Ambiguous terms with multiple reasonable interpretations
The court also found that not labelling the bulleted paragraphs (a) and (b), while lacking clarity, didn’t render the provision ambiguous, as it was clear that the “with cause” provision was referencing those paragraphs, which were located right above it. However, the court agreed with the worker that the reference to “those amounts” could reasonably be interpreted to exclude the continuation of benefits, which would bring the termination provision into conflict with the ESA. While “those amounts” could mean both pay in lieu of notice and benefits, a reasonable person would consider benefits as something that isn’t an amount provided to the employee, said the court in finding the reference ambiguous.
“The word ‘amounts’ could be interpreted as not including benefits continuation because the employer's not directly paying that to the employee,” says Huynh. “And there could be a reasonable interpretation that the word is exclusive of benefits, and that particular ambiguity – as with any ambiguity - was read against the employer as the drafter of the agreement and in favour of the employee.”
It's an example of how much words matter in employment agreements, she says.
“If you're just trying to re-state entitlements, you have to be very careful about the words you use, making sure that all of the entitlements apply - even repeating them would have been helpful for this employer,” says Huynh. “But again, because they used the word ‘amounts,’ which had two different reasonable interpretations, that created a problem - if you mean to give an employee all the statutory entitlements, it would have to be expressly clear with no other reasonable interpretation.”
Since it had been established that if any part of a termination clause breaches the ESA the entire clause is void, the court determined that the termination provisions were void and the worker was entitled to common law reasonable notice.
Four months’ reasonable notice
The court noted that the worker, aged 43 at the time of termination, held a supervisory role and secured similar employment 10 months after her termination. It found that a reasonable notice period was four months.
“Even for employees with less than two years of service or sometimes even less than one year, the range of reasonable notice is going to be bigger,” says Huynh. “Even with short-term employees, it could potentially go up to eight or nine months, depending on the facts – a settlement before a costly trial, if it's reasonable to do so, might make more sense when you're balancing what it will cost at the end of the day.”
Strides was ordered to pay the worker $28,467.98, representing four months’ pay and benefits in lieu of notice minus the termination pay already paid to her.
The law on termination clauses is constantly evolving, says Huynh.

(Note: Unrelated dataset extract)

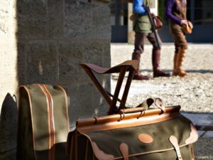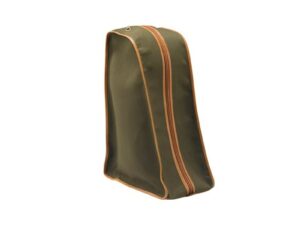 Sac à bottes en toile et en cuir avec une poignée à l’arrière pour le transport.

“Employment contracts really should be considered as living documents - it's not a one-and-done deal,” she says. “Think of them as something you're doing for risk mitigation and something that employers regularly work on.”
“The case law isn’t entirely consistent when it comes to termination clauses and we're still waiting for certain cases to be appealed,” adds Huynh. “Right now, Dufault is the one that's reached the level of the Court of Appeal, but employers should just make sure that they're monitoring appeals for these cases.”